→ WHAT TO WORK ON: Your copy should start at the line with "Play as Napoleon" and end at the line with "Hier finden Sie" in the data below. Transcribe only those lines, exactly, pictures excluded.

→ EXTRACTED MATERIAL:
*** Begin section ***
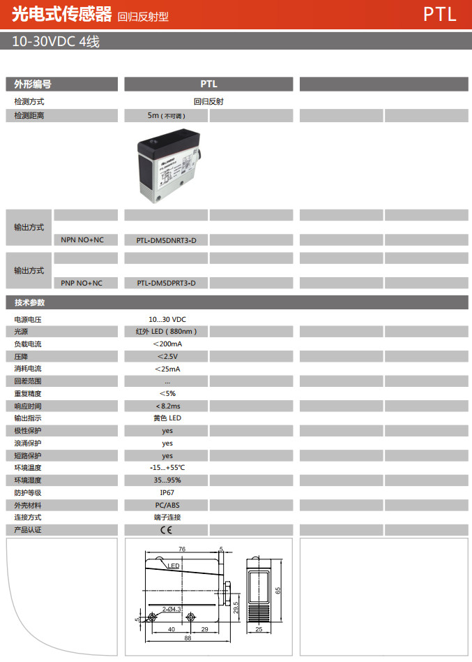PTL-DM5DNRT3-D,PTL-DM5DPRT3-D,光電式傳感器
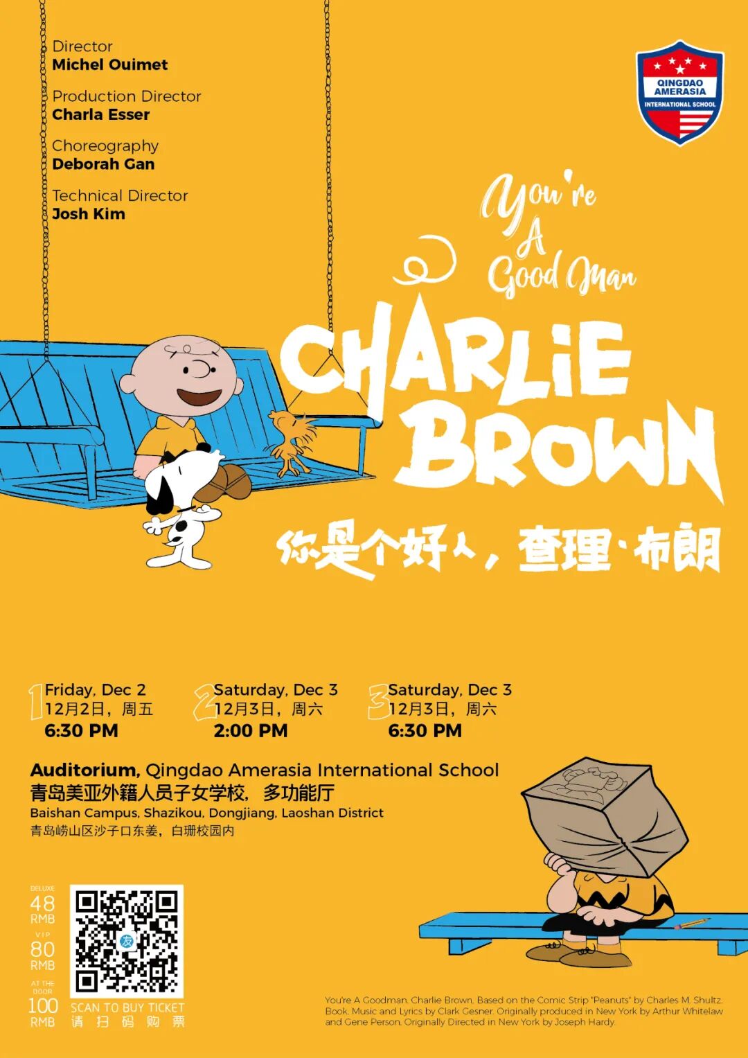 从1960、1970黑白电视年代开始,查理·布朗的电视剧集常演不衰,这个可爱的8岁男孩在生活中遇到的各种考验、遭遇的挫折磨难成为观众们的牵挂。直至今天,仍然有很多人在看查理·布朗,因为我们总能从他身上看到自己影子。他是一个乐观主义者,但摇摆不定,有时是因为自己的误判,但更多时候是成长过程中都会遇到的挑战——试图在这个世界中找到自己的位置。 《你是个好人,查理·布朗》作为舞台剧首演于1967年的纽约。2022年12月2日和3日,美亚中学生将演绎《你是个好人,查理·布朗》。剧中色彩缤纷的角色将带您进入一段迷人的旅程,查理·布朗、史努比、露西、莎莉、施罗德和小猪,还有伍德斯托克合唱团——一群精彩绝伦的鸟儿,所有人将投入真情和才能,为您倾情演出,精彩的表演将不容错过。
*** End section ***
*** Begin section ***
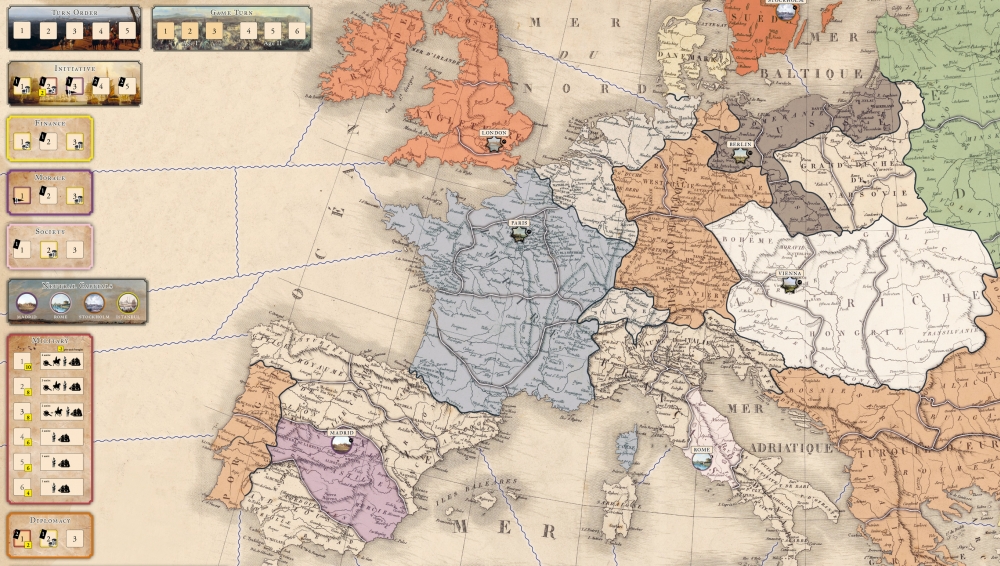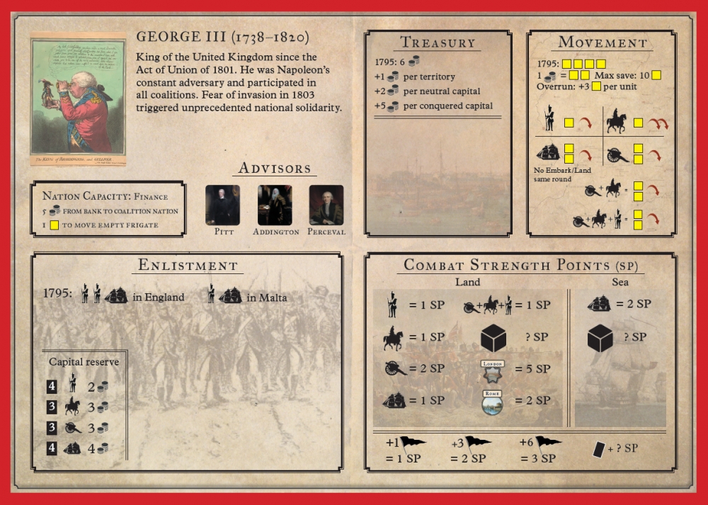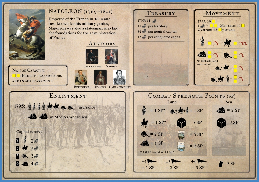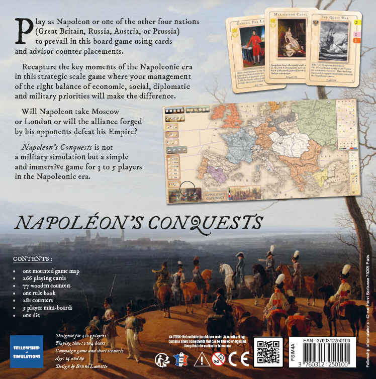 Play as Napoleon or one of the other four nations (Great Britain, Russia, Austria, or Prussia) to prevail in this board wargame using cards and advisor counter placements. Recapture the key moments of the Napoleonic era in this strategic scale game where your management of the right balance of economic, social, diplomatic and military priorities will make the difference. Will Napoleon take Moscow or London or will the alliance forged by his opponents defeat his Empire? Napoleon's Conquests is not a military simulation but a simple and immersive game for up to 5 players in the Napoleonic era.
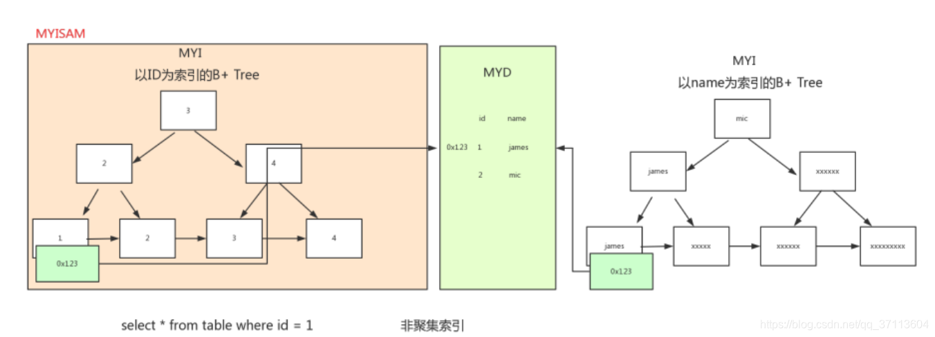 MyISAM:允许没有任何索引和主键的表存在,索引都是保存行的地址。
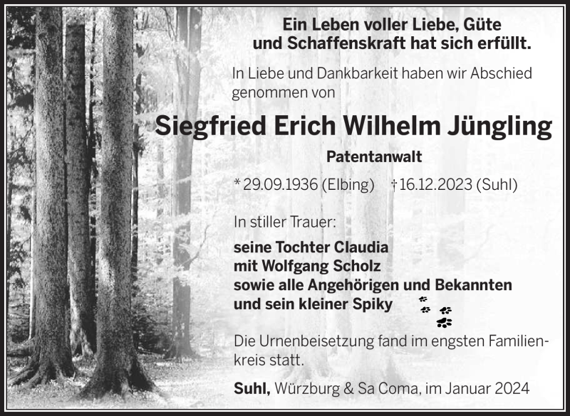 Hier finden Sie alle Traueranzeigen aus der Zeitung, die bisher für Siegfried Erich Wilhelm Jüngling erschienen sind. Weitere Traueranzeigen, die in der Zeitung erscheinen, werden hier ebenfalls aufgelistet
*** End section ***
→ TASK RESPONSE:
 Play as Napoleon or one of the other four nations (Great Britain, Russia, Austria, or Prussia) to prevail in this board wargame using cards and advisor counter placements. Recapture the key moments of the Napoleonic era in this strategic scale game where your management of the right balance of economic, social, diplomatic and military priorities will make the difference. Will Napoleon take Moscow or London or will the alliance forged by his opponents defeat his Empire? Napoleon's Conquests is not a military simulation but a simple and immersive game for up to 5 players in the Napoleonic era.
 MyISAM:允许没有任何索引和主键的表存在,索引都是保存行的地址。
 Hier finden Sie alle Traueranzeigen aus der Zeitung, die bisher für Siegfried Erich Wilhelm Jüngling erschienen sind. Weitere Traueranzeigen, die in der Zeitung erscheinen, werden hier ebenfalls aufgelistet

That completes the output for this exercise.